Animal protein such as chicken and red meat should be limited to once per week or once every other week. When consumed it should be sourced from organic environments such as free-run farms for chickens and grass-fed, open grazing cattle farms.
When eating animal protein you should consume no more than 3 oz per day - so one meal only.
Eggs - much debate still - I eat 4 boiled eggs per week.
Cheese - best is high in vitamin K2 - Aged versions of Gouda, Swiss Emmental, Jarlesberg; Plus sheep and goat cheeses. Small quantities daily.
Yogurt - only plain Greek - you can add fresh fruit, but don't buy it with fruit already in it as it will contain sugar or equivalents.

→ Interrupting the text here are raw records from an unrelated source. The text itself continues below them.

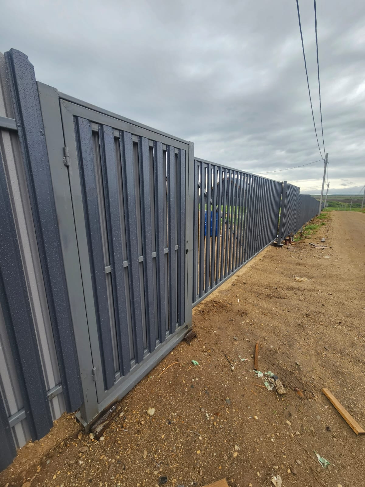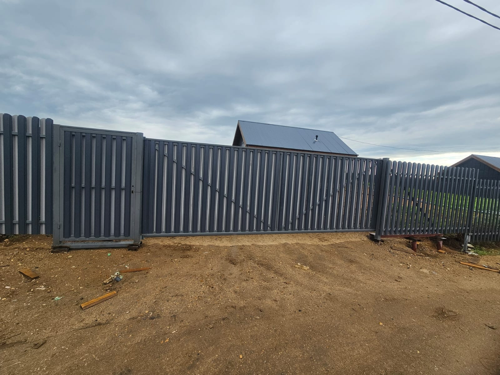 Забор из евроштакетника. Ворота откатные.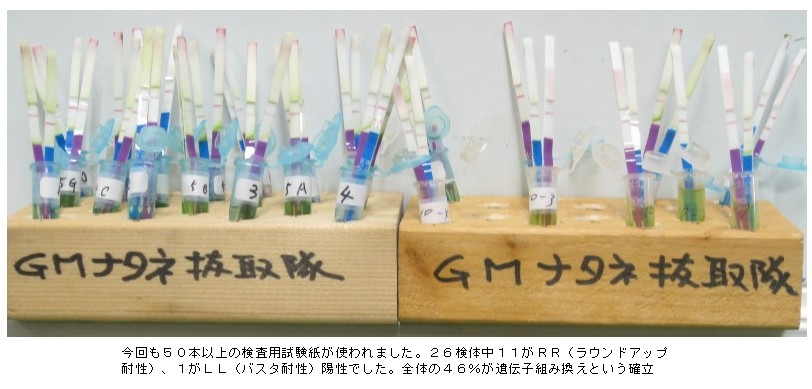 こういったケースは中部の会でも予想外でしたが、セイヨウナタネのほかにも遺伝子組み換え作物の種子が陸路搬送されている可能性もあり、広い視野での監視活動を続けてゆく必要があるのではないでしょうか。 |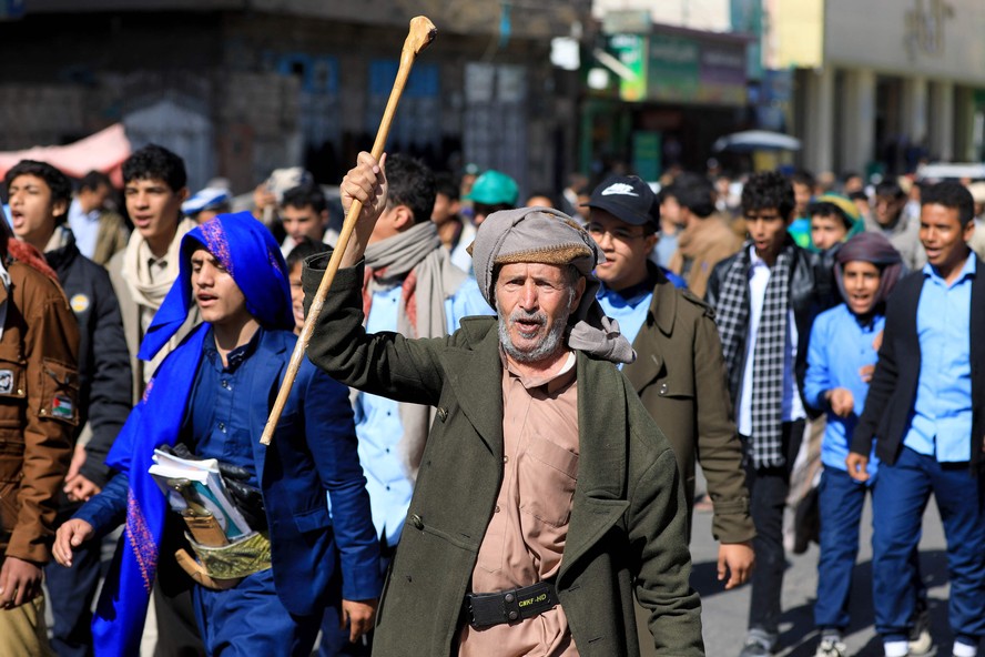 Apoiadores do movimento huthi do Iêmen fazem manifestação na capital,Sanaa,em apoio aos palestinos e contra EUA e Israel — Foto: Mohammed HUWAIS / AFP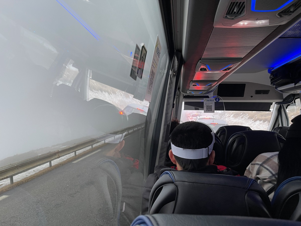 町に到着。ここで数人の客が乗ってくる。この辺でスキーをしていたみたい。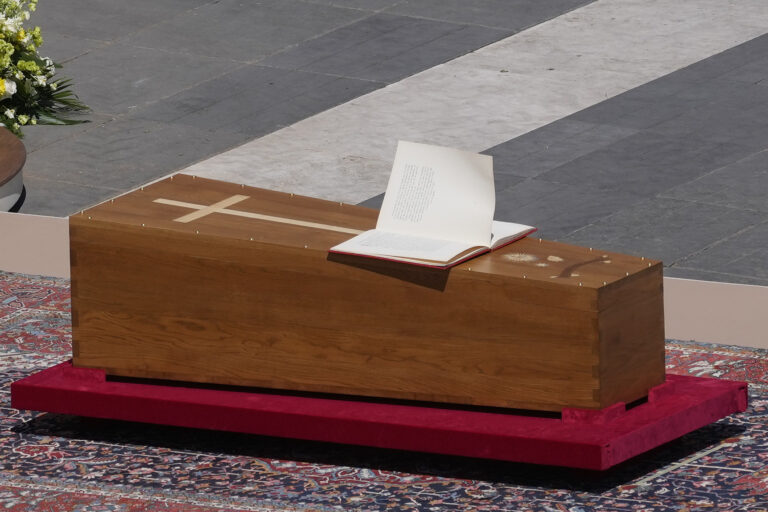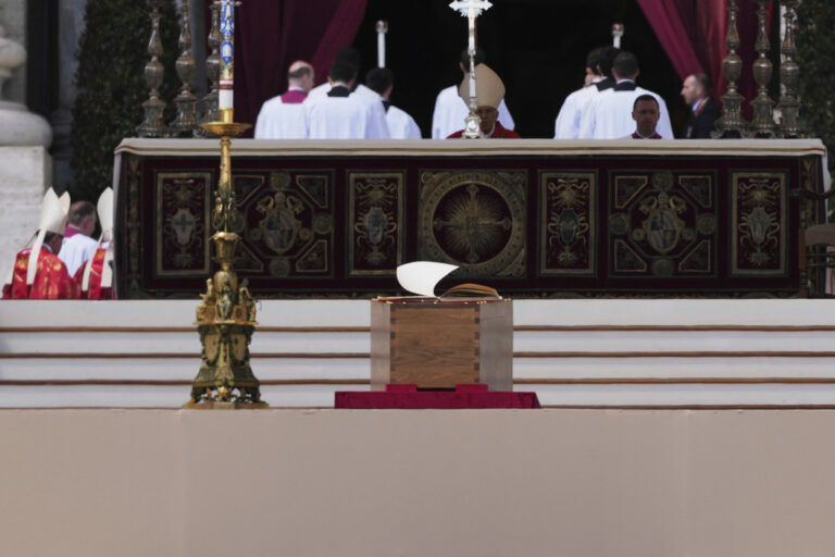 Rakva s telom pápeža Františka na Námestí sv. Petra počas poslednej rozlúčky. Vatikán, 26. apríl 2025. Foto: SITA/AP.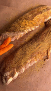 Remove the ribs from the soak and pat dry. Season them all over with your BBQ dry rub—be generous. As the creator says, “Season them ribs down to the bone so your food don’t taste like a one-sided relationship.”

If you are athletic, exercise causes inflammation, internally, to various parts of the body. To address inflammation, the body synthesizes cholesterol as a repair tool.
The optimal repair tool is collagen, but for the body to synthesize collagen it needs vitamin-C.
The RDA for vitamin-C of100 mg, is only sufficient to avoid scurvy - it is not the 'optimal' amount of vitamin C to help the body maximize immunity, and synthesize sufficient collagen.
Read this: livclear.ca/optimizing-bloo...
I take 2 x 1000 mg of liposomal vitamin C daily from the above company. I live in Canada so you need to check out this website to find a distributor near your home:
Look up the work of Linus Pauling on vitamin C.
You can learn more about vitamin C here: livclear.ca/liposomal-vitam...
and here: livclear.ca/the-daily-need-...
P.S. I had a triple bypass in March 2015, followed by 2 angioplasty procedures in April and May resulting in 4 stents. I changed my diet and lifestyle and by October 2016, I reached my optimal body weight and stopped ALL pharmaceutical medications, including statins. Statins caused damage to my muscles and I could not tolerate the pain - this is what motivated me to make the aggressive changes. I am a male age 57.
sos007 makes complete sense
Good diet, preferably vegan which has no cholesterol, plant sterols, niacin, exercise, proper weight etc shoud do the trick
Please don't touch statins, as about 20% of people who try them get muscle problems.
And of those, in about 95% the muscle problems should resolve when they are stopped
However, in the remaining 5% there is irreversible muscle damage
Not worth the risk
Sure don't want muscle problems, I run 3 times a week
You haven't said how many mg. or what your cholesterol level is. My level was 5, average for the UK is 5.7. I began and after some deep aches in my arm, stopped. By then I had researched! I was 13st. 9lbs. initially but despite stopping the Simvastatin 40mg which was far too high I've averaged weight loss of one stone per year. Sounds great except it's muscle and I look like a Belsen inmate. Plus I've developed food allergies. It could be that you will have no ill effects but Simvastatin has a reputation for muscle loss. In your place I would seek alternative methods of reducing my cholesterol and above all research, research,research!
Cholesterol level is 7.7
I have to start 20mg Simvastatin and repeat bloods in 6 weeks, GP did discuss the muscle pain and weakness as a side effect.
This won't be good for me as I run 3 times a week and I am a dog walker.